I always want to be honest with you, my blog friends, so tonight there is no silliness or jokes, just my open heart.
A very close friend is very seriously ill, and I have returned home in the dark, alone and exhausted, to an empty house and silence. I’ve grown used to silence in the last 26 years but this is oppressive. On the way home I nearly sided a bridge, and then over-correcting hit the grass verge. Is my car damaged? I don’t care. My mind is elsewhere. When I came through the door I opened my Bible, knowing what I would find – the ribbon was where I left it this morning, and the very first verse I read was a word from Jesus Himself , speaking to the apostles “My soul is overwhelmed with sorrow to the point of death”
I’ve been meditating on Gethsemane for a few days now. Jesus, knowing and dreading what was to come. It’s poignant tonight because I left my friend in her hospital bed simply dreading what was to come for her. Overcome with sorrow. We were able to admit to each other that this illness may end in death very soon, and we were able to admit that death holds no fears for us, not one, but the process of dying is terrifying.

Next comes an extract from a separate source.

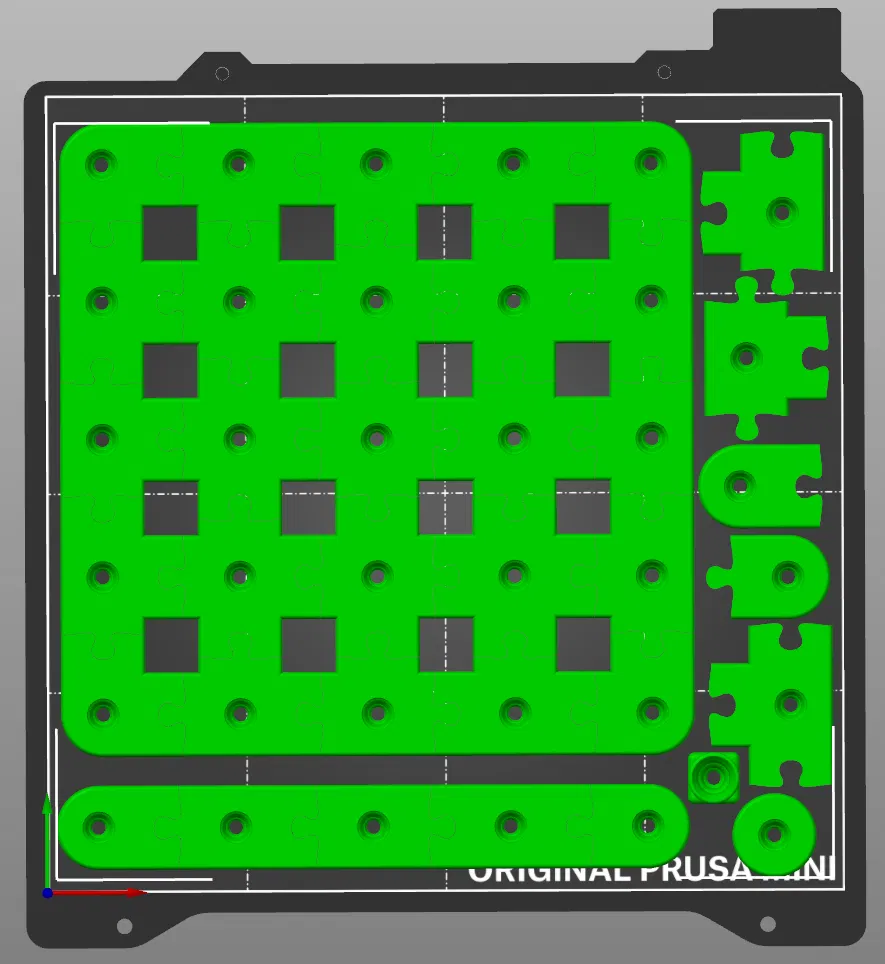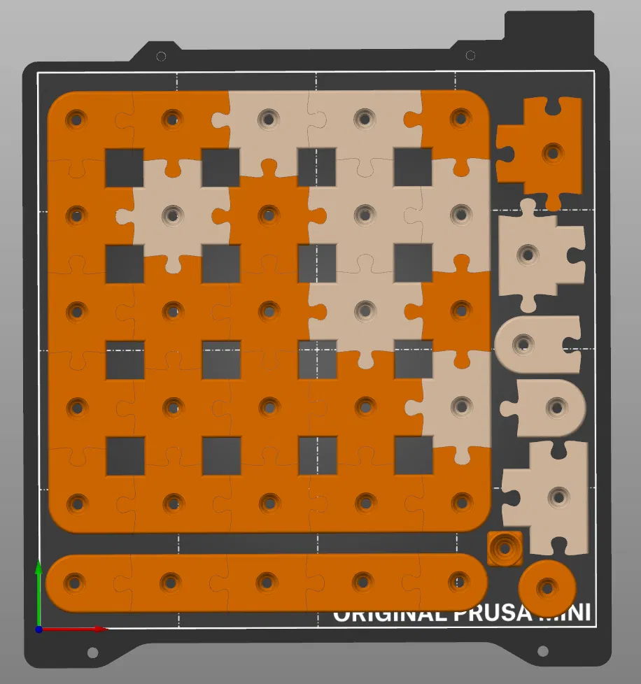 Mẫu này được tạo để in trên Prusa Mini và tất cả các mảnh (kể cả các mảnh in trùng nếu muốn làm hình vuông đầy đủ) đều sẽ vừa trên build plate—nhưng sẽ mất khoảng 17 tiếng nếu bật variable layer height. Mỗi mảnh riêng lẻ sẽ in khoảng 20–30 phút với 3 perimeters và 15% infill. Nếu bạn muốn một bố cục puzzle cụ thể, chỉ cần import các mảnh cần dùng, slice, in rồi xài thôi!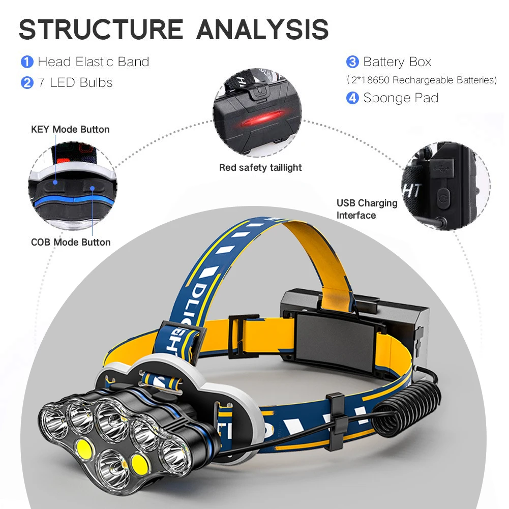 Налобный фонарь с 7 светодиодами, сильный светильник с зарядкой от USB, водонепроницаемый налобный фонарь, светильник с углом поворота 90 градусов, налобный фонарь, налобный фонарь

Jesus faced that. For us. For us. But He faced it willingly, His sacrifice and choice. I’m over- awed tonight with the sorrow in the world, and I’m over-awed by the Saviour who knew all that sorrow but walked to meet it, in love. For me and for you.
There’s no easy understanding of pain and fear, there are no glib answers, no paperback to explain it all away, no public speaker wise enough and no rostrum wide enough…. there’s just sorrow and God. And He alone is enough. Not pious-speak, not ‘come to the well’ glibness (not tonight, tomorrow maybe) not any of that surface religiosity. Just honest me, and honest you, sharing the knowledge that life is sometimes hard to take.
Tonight I wish that my sick friend was not alone. Tonight I wish that I was not alone.